BEGIN RECORDS FOR THE EXERCISE

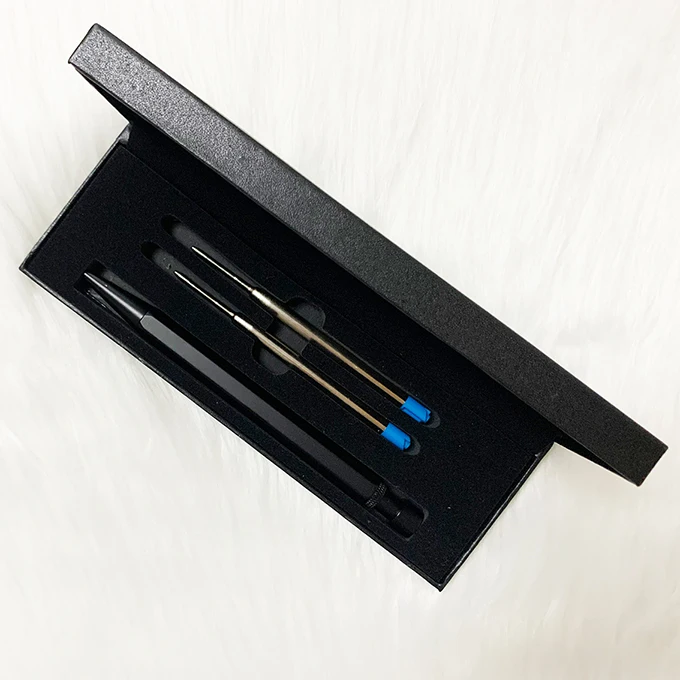 New Luxury Business Gift Black Metal Ball Pen With Custom Logo Promotion Novelty Click Metal Ballpoint Pen Set With Box
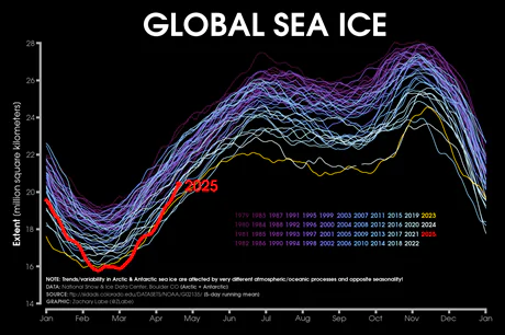 DEZINFORMACJA: To jest 2007 rok, kiedy [w Arktyce] było jedno z takich [głębokich] minimów, to tu na Antarktydzie, było maksimum. Przyroda sobie wyrównuje. Jeśli u nas lodu nie ma, to tam jest go więcej.
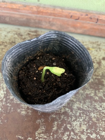 先週植えたツルレイシの芽が出始めました!!
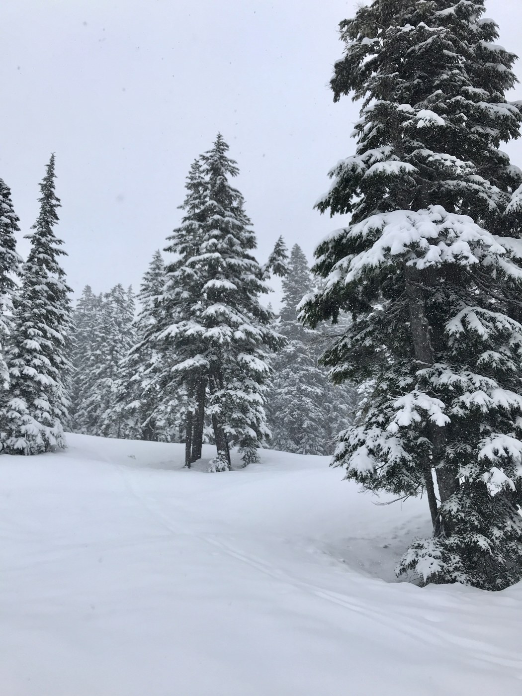 We hiked in the morning before a big snowstorm, so assume some of our info is out of date already. We started at 9am; finished at 3. Normally we do this in 5 hours but today did some exploring which added time. The Nordic Pass trail (following blue diamonds) was perfect today. Somebody preceeded us and so we never broke trail. We only saw 1 person the entire day (mid week). Our only slight detour was about 2.5 miles in there is a creek crossing that wasn't safe and so the current boot trail takes your 30 yards off trail to a good crossing.
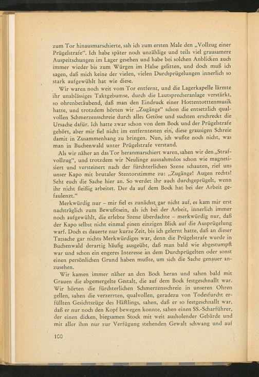 zum Tor hinausmarschierte, sah ich zum ersten Male den ,, Vollzug einer Prügelstrafe". Ich habe später noch unzählige und teils viel grausamere Auspeitschungen im Lager gesehen und habe bei solchen Anblicken auch immer wieder bis zum Würgen im Halse gelitten, und doch muß ich sagen, daß mich keine der vielen, vielen Durchprügelungen innerlich so stark aufgewühlt hat wie diese.
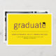Ett modernt, minimalistiskt studenten-meddelande med bildskärmskort med enkel fet typografi med ett pantbord/studentmössa på en platt gult färg-bakgrund lagrar som kan vara personlig och som kan ändras till valfri anpassningsbar färg. Det går att ta bort bakfotona om du vill lägga till en egen anpassningsbar. Designad av tjock*fa*tin. Enkel att anpassa med egen text, bild eller bild. Kontakta tjock*fa*tin direkt om du vill ha anpassningsbar. Avgifter för anpassningsbar gäller. www.zazzle.com/collections/graduation_invitations-119988321070623801 www.zazzle.com/collections/graduation_thank_you-119015369615228414 www.zazzle.com/fat_fa_tin www.zazzle.com/color_therapy www.zazzle.com/fatfatin_blue_knot www.zazzle.com/fatfatin_red_knot www.zazzle.com/fatfatin_mini_me www.zazzle.com/fatfatin_box www.zazzle.com/fatfatin_design www.zazzle.com/fatfatin_ink.
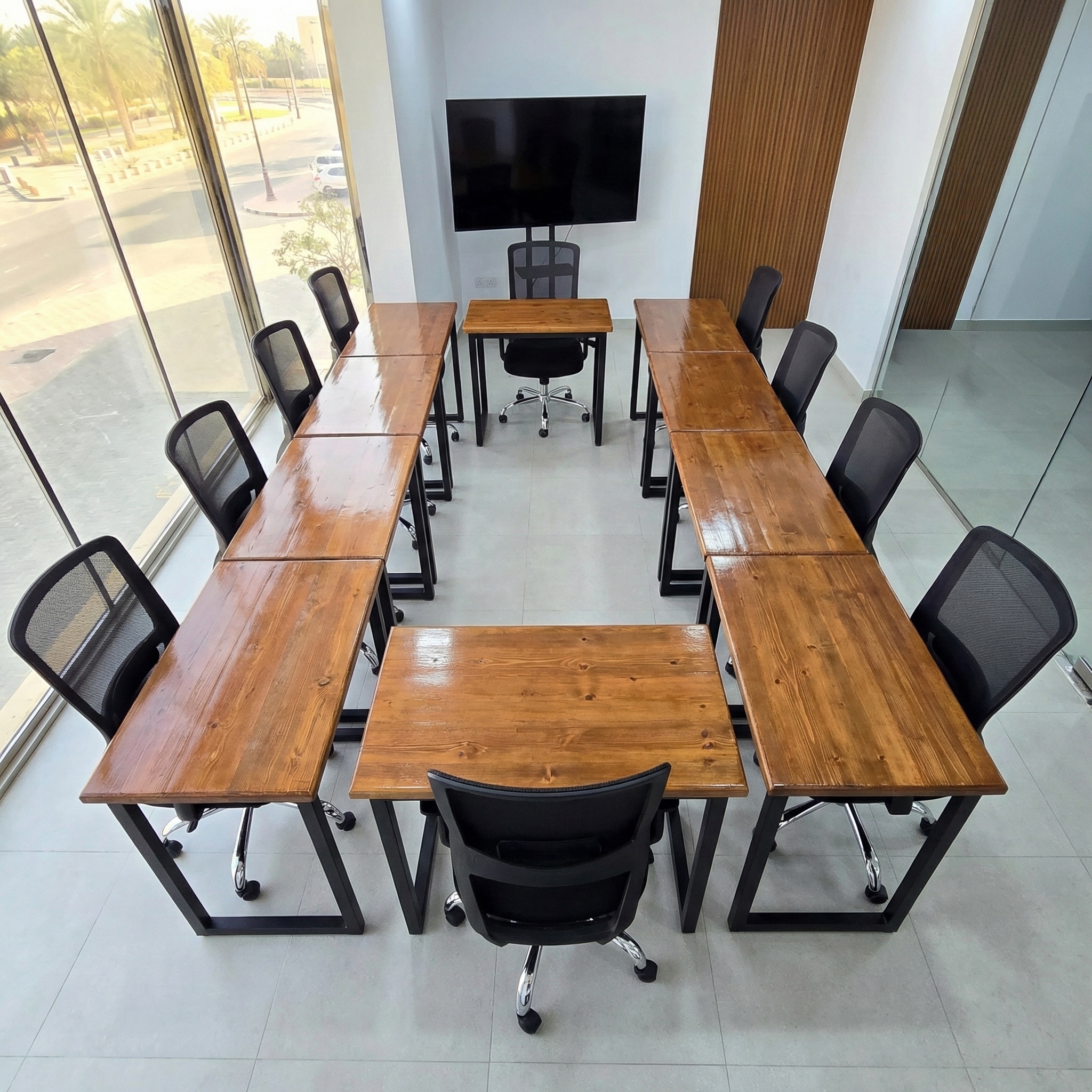 Our training rooms provide a bright, motivating environment tailored for group learning, hands-on workshops, and educational sessions. Each room is arranged with quality furniture, spacious desks, and clear sightlines for smooth communication and instruction.

END RECORDS FOR THE EXERCISE

WORK TO BE COMPLETED —
In the data above, take the line with "We hiked in", the line with "zum Tor hinausmarschierte, sah", and every line between, and set them down exactly without pictures.

EXERCISE RESPONSE —
 We hiked in the morning before a big snowstorm, so assume some of our info is out of date already. We started at 9am; finished at 3. Normally we do this in 5 hours but today did some exploring which added time. The Nordic Pass trail (following blue diamonds) was perfect today. Somebody preceeded us and so we never broke trail. We only saw 1 person the entire day (mid week). Our only slight detour was about 2.5 miles in there is a creek crossing that wasn't safe and so the current boot trail takes your 30 yards off trail to a good crossing.
 zum Tor hinausmarschierte, sah ich zum ersten Male den ,, Vollzug einer Prügelstrafe". Ich habe später noch unzählige und teils viel grausamere Auspeitschungen im Lager gesehen und habe bei solchen Anblicken auch immer wieder bis zum Würgen im Halse gelitten, und doch muß ich sagen, daß mich keine der vielen, vielen Durchprügelungen innerlich so stark aufgewühlt hat wie diese.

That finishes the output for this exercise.